Transmission & Prevention

· Binding and neutralization antibody titers after a single vaccine dose in previously infected with SARS-CoV-2 were found to be higher. Researchers of the Institute of Human Virology at the University of Maryland School of Medicine, Baltimore present a serosurvey of 59 healthcare workers who, prior to receiving the first dose of an mRNA SARS-CoV-2 vaccine, were categorized as SARS-CoV-2 IgG negative, IgG positive asymptomatic, and IgG positive symptomatic. At days 0, 7, and 14, plasma was obtained and analyzed to quantify median reciprocal half-maximal binding antibody titers to the spike trimer. At 0, 7, and 14 days they found higher overall titers in both the asymptomatic IgG+ (208, 29 364, and 34 033) and the symptomatic IgG+ (302, 32 301, and 35 460) groups compared to the IgG negative group (<50, <50, and 924). The authors discuss that this data can help to inform vaccination strategies employing single-dose prioritization.
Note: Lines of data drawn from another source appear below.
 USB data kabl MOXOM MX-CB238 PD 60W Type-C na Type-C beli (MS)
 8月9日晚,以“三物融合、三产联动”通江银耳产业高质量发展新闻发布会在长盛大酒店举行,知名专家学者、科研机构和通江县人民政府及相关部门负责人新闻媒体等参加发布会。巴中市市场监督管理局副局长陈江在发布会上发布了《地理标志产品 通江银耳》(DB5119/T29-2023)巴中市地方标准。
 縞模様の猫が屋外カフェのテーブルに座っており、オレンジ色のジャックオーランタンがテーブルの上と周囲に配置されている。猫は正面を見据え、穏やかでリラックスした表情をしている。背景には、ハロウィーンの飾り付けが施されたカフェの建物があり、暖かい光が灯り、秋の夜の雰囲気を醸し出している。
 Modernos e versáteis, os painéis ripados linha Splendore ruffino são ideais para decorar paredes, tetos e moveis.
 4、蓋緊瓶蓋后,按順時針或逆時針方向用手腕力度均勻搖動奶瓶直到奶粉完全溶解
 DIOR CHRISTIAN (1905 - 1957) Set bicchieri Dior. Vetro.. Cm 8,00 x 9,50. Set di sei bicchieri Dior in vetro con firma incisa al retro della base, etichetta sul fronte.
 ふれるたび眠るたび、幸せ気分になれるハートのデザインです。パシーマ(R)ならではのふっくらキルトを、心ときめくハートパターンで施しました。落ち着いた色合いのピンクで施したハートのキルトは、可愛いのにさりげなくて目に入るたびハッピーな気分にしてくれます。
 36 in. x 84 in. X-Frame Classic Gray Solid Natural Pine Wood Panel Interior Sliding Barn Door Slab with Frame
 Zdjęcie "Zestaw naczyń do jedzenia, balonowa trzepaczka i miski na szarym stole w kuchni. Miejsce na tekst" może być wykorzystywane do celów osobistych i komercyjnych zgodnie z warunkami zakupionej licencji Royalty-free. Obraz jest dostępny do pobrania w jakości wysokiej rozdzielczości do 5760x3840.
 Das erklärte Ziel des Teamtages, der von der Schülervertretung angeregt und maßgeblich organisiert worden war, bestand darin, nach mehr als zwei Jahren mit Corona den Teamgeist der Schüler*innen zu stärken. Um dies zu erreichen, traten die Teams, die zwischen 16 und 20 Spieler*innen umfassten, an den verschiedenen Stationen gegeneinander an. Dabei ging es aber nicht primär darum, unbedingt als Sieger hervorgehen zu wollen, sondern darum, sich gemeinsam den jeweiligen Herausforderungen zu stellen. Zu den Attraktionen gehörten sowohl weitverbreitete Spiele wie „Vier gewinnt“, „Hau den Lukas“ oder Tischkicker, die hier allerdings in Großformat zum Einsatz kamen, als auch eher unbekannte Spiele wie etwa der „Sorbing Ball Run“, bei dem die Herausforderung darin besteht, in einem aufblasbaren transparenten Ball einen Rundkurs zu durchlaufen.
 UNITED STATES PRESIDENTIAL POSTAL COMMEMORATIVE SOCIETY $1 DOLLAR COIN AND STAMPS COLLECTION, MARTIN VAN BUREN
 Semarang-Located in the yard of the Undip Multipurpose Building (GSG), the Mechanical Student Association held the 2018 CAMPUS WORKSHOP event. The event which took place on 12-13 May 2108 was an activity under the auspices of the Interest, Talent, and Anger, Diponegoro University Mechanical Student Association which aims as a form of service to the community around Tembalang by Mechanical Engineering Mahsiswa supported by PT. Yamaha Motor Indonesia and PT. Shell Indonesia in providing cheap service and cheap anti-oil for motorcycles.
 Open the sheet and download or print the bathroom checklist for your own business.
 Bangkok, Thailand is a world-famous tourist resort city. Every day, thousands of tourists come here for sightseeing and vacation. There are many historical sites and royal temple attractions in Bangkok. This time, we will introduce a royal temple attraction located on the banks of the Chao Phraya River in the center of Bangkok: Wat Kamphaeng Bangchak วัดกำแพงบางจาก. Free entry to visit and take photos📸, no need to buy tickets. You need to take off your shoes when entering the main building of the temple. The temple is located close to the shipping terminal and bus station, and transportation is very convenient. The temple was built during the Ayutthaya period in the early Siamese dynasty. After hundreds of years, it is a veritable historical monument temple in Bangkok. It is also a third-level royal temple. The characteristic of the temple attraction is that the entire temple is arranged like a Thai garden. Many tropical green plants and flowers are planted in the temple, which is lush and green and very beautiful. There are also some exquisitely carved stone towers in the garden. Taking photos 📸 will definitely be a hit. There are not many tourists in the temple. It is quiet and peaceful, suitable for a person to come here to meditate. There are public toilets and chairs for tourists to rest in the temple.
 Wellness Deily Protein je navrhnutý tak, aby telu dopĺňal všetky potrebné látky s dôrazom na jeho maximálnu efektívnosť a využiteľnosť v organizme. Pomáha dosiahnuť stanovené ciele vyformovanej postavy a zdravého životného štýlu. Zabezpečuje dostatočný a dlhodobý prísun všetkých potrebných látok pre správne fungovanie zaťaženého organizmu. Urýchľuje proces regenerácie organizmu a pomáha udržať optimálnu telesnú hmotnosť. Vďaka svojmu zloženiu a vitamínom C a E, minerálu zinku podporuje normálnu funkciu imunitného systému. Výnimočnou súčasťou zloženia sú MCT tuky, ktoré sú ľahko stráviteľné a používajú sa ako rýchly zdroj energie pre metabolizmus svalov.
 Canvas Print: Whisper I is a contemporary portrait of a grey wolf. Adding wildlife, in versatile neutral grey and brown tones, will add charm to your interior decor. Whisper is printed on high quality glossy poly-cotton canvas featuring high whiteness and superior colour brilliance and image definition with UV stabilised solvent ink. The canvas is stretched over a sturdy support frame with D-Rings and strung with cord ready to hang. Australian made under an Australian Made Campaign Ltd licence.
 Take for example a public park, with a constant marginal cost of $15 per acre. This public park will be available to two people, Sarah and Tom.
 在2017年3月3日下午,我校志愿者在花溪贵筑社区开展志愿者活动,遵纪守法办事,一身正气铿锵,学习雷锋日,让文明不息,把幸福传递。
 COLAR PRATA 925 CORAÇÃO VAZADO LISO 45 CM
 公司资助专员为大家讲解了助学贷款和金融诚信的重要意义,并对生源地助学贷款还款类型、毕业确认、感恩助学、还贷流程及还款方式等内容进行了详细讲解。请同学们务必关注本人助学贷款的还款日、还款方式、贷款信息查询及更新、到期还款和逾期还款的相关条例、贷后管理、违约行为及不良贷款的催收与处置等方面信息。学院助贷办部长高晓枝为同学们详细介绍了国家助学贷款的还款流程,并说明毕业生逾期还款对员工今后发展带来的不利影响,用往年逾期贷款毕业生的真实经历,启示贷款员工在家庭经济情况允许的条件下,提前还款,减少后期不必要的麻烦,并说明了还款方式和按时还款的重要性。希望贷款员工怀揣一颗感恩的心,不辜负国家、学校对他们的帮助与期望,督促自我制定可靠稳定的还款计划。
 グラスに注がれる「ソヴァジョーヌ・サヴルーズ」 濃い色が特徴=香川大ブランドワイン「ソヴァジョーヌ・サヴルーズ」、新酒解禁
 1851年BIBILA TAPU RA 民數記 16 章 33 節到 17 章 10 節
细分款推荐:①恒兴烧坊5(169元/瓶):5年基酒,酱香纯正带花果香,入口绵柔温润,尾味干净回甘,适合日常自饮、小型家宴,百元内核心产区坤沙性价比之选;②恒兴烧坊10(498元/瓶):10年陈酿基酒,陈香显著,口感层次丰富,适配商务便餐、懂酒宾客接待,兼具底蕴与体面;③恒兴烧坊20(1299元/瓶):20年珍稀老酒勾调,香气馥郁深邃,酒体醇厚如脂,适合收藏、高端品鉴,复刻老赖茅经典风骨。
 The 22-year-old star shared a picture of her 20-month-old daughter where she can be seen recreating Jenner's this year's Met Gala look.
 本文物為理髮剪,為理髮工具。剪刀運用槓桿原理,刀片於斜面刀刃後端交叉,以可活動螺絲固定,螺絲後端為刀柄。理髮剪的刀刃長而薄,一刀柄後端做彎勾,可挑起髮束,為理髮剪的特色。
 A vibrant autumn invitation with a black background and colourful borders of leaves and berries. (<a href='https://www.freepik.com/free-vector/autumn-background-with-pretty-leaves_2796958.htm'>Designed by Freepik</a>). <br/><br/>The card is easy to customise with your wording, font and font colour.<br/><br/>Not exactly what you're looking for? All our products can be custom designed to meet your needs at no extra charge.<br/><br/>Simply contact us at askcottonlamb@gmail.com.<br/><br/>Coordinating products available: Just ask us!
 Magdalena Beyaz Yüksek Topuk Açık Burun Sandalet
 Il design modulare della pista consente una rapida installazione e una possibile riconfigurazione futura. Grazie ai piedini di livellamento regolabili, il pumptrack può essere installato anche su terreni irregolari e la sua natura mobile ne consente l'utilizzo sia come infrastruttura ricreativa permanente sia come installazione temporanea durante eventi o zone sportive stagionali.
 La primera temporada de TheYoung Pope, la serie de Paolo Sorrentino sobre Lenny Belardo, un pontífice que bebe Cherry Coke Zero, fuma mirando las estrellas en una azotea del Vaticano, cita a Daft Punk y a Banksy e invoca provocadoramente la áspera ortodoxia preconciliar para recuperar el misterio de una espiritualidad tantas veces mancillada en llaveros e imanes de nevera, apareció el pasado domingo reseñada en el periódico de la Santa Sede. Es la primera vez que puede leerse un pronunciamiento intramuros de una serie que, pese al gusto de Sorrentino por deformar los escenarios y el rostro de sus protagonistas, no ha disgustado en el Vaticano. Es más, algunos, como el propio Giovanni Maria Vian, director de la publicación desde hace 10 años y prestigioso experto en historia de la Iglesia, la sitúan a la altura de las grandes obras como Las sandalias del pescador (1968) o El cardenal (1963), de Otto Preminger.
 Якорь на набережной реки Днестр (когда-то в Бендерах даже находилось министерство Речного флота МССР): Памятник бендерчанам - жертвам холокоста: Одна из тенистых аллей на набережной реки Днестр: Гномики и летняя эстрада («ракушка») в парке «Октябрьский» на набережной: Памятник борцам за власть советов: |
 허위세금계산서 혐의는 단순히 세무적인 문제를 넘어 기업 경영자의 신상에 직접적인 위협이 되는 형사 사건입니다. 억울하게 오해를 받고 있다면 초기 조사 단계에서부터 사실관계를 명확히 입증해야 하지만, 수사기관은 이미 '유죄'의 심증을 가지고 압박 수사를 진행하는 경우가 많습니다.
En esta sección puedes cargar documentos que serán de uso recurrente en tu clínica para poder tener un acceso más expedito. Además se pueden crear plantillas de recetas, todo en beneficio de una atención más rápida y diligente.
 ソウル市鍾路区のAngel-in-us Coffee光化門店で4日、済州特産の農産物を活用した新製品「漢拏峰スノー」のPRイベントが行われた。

· Antibodies appear to persist through 6 months after the second dose of mRNA-1273 vaccine for COVID-19. Doctorate researchers from the National Institute of Allergy and Infectious Diseases (NIAID) and Emory University School of Medicine investigated 33 healthy adults 6 months after the second dose of Moderna mRNA-1273 COVID-19 vaccine for durability and neutralizing effect of elicited antibodies. An enzyme-linked immunosorbent assay (ELISA) was utilized to measure antibodies by geometric mean endpoint titers (GMTs) and reported that antibodies remained high in all age groups, but 50% inhibitory dilution (ID50) GMTs were lower in 56 to 70 years of age (p = 0.02) and >71 years of age (p = 0.004) than in those 18 to 55 years of age. This study suggests the continued use of the vaccination for SARS-CoV-2 given the presence of antibodies 180 days after vaccination.

· Emergence of a novel SARS-CoV-2 variant was found in Southern California. Pathology and lab medicine experts from Cedars-Sinai Medical Center in Los Angeles sequenced nasopharyngeal samples collected from 192 patients positive for SARS-CoV-2 between November to December 2020 and conducted phylogenetic analysis using representative genomes from the open source genomic database Nextstrain. They discovered a novel strain with five mutations (CAL.20G) in 22% of all samples (40/185) with a descendent cluster (CAL.20C) accounting for 36.4% (67/185) of cases in Los Angeles. While the CAL.20C strain's significance is unknown, it has now been identified in 25 other states leading the authors to encourage ongoing surveillance for SARS-CoV-2 variants.